そしてグローバル化、震災、コロナウィルスの感染拡大などにより、私たちは強制的ではありますが、手に入れたのです。「健やかな思想」を。

実感の持てる楽しく豊かな暮らしを。

徐々に熱を帯びる昨今の「民藝運動」への注目は、もちろん、そうした社会背景により私たちが求め、たどり着いたものと大いにリンクしています。思考が変わりはじめた私たちが呼び寄せたと言っても過言ではないと思うのです。

 

少し横道に逸れますが、哲学者であり民藝思想の生みの親である柳宗悦によるそれは、建築系メディアが生んだブームによって大きく誤解をされ今に至っています。

その誤解とは息子である柳宗理ブームによる「用の美」という紐付け。

本来は心の美しさをモノと紐づけて宗教的に感じる運動であったはずが、いつの間にか「機能性の高いものは、美しい」というプロダクトデザイン論にすり替わり、大切な「健やかさ」の部分がいつの間にか、埋もれて見えなくなっていきました。

民藝運動とはデザイン論である前に、宗教的な美学。作り手の心が清く澄んでいることで、信じられないような美しいものが、美だけを意識して作為的に作られたものを超えて、素朴で美しく、思いやりに満ちて温かく丈夫。つまり「作為的ではなく」「祈るような澄んだ心」で一点ものの芸術作品ではなく「適度に量産された」ものに宿る「美しさ」。

そうした本来の民藝運動にあることと、私たち現代に生きる生活者が様々な日々の中に求め始めたものとが一致し始めている。それがまさにこれから本格的にブームのように起こってくる民藝思想であり、私たちは会った事もないひとのためのモノづくりへの違和感を、よく分からない大量生産への思考を自然に捨て、何が健康的なのかを探しはじめています。

メーカーは架空の推定ターゲットにむけたモノづくりから、あのひとのためのモノづくりへ。

消費者と呼ばれてきた私たちは、生活者としてつながり続けられるモノづくりが、楽しく健やかな暮らしとセットであることに気づく。

「デザイン」は、一昔前のそうした前提から脱し、民藝ブームの力も借りて、意味を進化させ始めています。都会を離れ健やかにうまれたもので生活をしようとし始めている「それに気づいた」人々によって。

 

この企画展は47の日本各地にある「どうしてか分からないけれど、心惹かれる適度に量産されているもの」を、民藝思想の中で柳宗悦が特に強調する「直観」で選び、並べてみてから、その理由を探っていくものです。

メディアやSNSなどの情報を挟まず、「なんか、いいね」というものの中でも最上級に思ったものたちを並べて眺めながら、未来のものづくりのあるべき姿を見出し、そこにこそ「デザイン」と言う呼び名をつけようと願うものです。
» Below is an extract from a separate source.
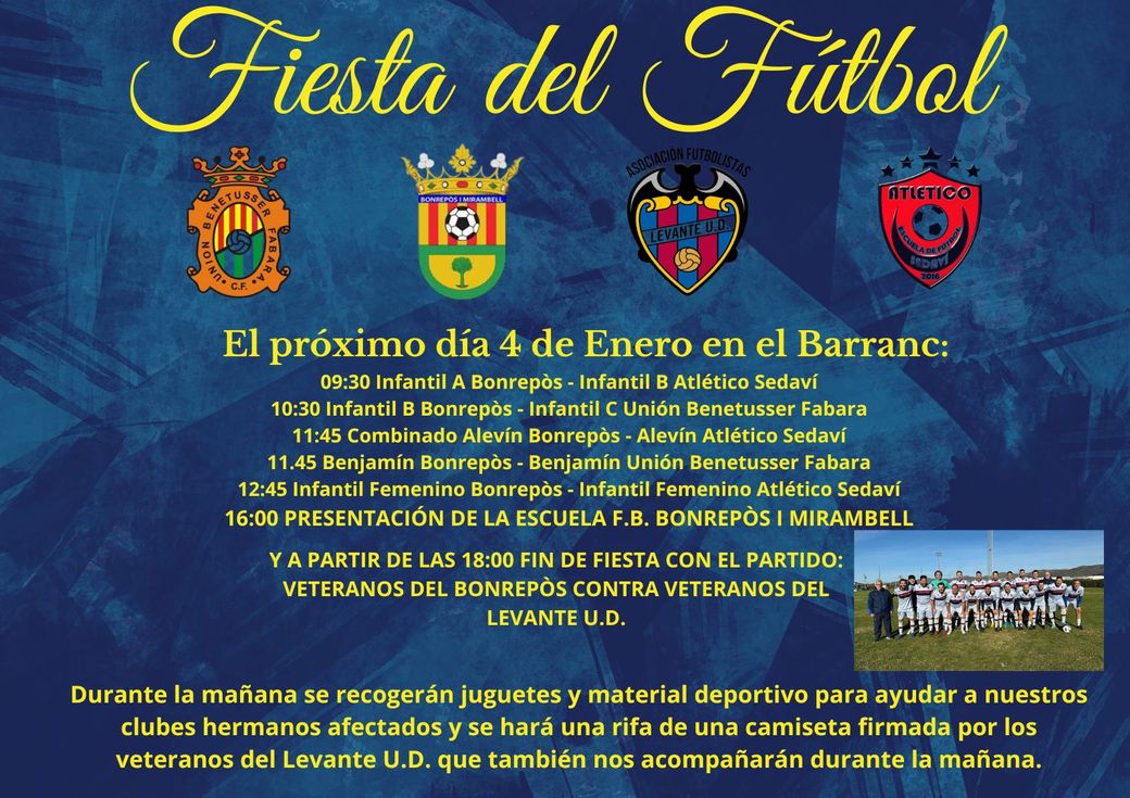 Bonrepòs i Mirambell (Valencia), 8 de enero de 2025. La Asociación de Futbolistas del Levante UD no quiso perderse la Gran Fiesta del Fútbol Base de la Escuela Bonrepòs y Mirambell del pasado sábado.

日本はこれから自分たちらしさに基づいた文化大国へ進んでいくと思います。

それには、私たち日本人がこの国に暮らし、どういう思考でモノを作り、使うのか。

その底辺が変わりつつある今にあることに、意識を集中させるべきだと思うのです。

貧困問題などを抱えながらも、まだまだモノにすがる私たち消費大国日本にとって、

澄んだ心を取り戻すことこそが、私たちらしいモノづくりの第一歩になると願って。